Lossless data compression is a computer method of storing files and combining them into archives that takes up less physical space in memory than the files would otherwise without losing any information the data contains in the process. Lossy compression, by contrast, reduces file size with approximations of the data, and restoration is of a close facsimile to the original file contents. Algorithms used for lossless data compression are essentially a set of streamlined rules or instructions for encoding the information using fewer bits of memory while still retaining the ability to restore the data to its original format without alteration.
Some common file types that use lossless data compression include the International Business Machines (IBM) computer-based zip and Unix computer-based gzip file archives. Also used are image file formats such as the graphic interchange format (GIF), portable network graphics (PNG), and Bitmap (BMP) files. Data compression algorithms also vary based on the file type being compressed, with common variations for text, audio, and executable program files.

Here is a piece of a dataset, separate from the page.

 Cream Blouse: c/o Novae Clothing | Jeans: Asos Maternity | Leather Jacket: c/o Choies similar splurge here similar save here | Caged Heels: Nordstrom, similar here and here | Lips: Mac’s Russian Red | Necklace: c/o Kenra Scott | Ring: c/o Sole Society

The two main categories of algorithms for lossless data compression are based on a statistical model of input data and a mapping model of bit strings in a data file. Routine statistical algorithms used are the Burrows-Wheeler transform (BWT), the Abraham Lempel and Jacob Ziv (LZ77) algorithm published in 1977, and the Prediction by Partial Matching (PPM) method. Mapping algorithms frequently employed include the Huffman coding algorithm and Arithmetic coding.

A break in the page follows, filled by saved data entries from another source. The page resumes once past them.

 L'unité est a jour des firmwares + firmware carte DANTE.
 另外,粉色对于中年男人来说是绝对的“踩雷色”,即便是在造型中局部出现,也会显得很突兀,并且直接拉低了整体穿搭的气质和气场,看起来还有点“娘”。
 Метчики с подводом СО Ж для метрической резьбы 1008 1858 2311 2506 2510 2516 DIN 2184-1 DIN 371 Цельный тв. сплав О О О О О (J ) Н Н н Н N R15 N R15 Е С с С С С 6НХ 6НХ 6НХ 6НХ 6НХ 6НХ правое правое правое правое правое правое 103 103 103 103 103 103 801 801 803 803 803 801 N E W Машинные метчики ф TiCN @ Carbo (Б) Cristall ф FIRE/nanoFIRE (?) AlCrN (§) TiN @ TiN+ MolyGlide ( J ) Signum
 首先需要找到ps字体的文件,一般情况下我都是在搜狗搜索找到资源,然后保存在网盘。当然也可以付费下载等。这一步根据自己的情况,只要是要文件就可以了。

Some of the algorithms are open source tools and others are proprietary and patented, though patents on some have also now expired. This may result in compression methods sometimes being applied to the wrong file format. Due to the fact that certain data compression methods are incompatible with each other, storing mixed files can often degrade a component of a file. For instance, an image file with text that is compressed can show degradation in the readability of the text once restored. Scanners and software that employ grammar induction can extract meaning from text stored along with image files by applying what is known as latent semantic analysis (LSA).
Another form of mapping algorithm method for lossless data compression is the use of universal code. More flexible to use than Huffman coding, it doesn't require knowledge of maximum integer values ahead of time. Huffman coding and Arithmetic coding do produce better data compression rates, however. Efforts are also underway to produce universal data compression methods that would create algorithms that work well for a variety of sources.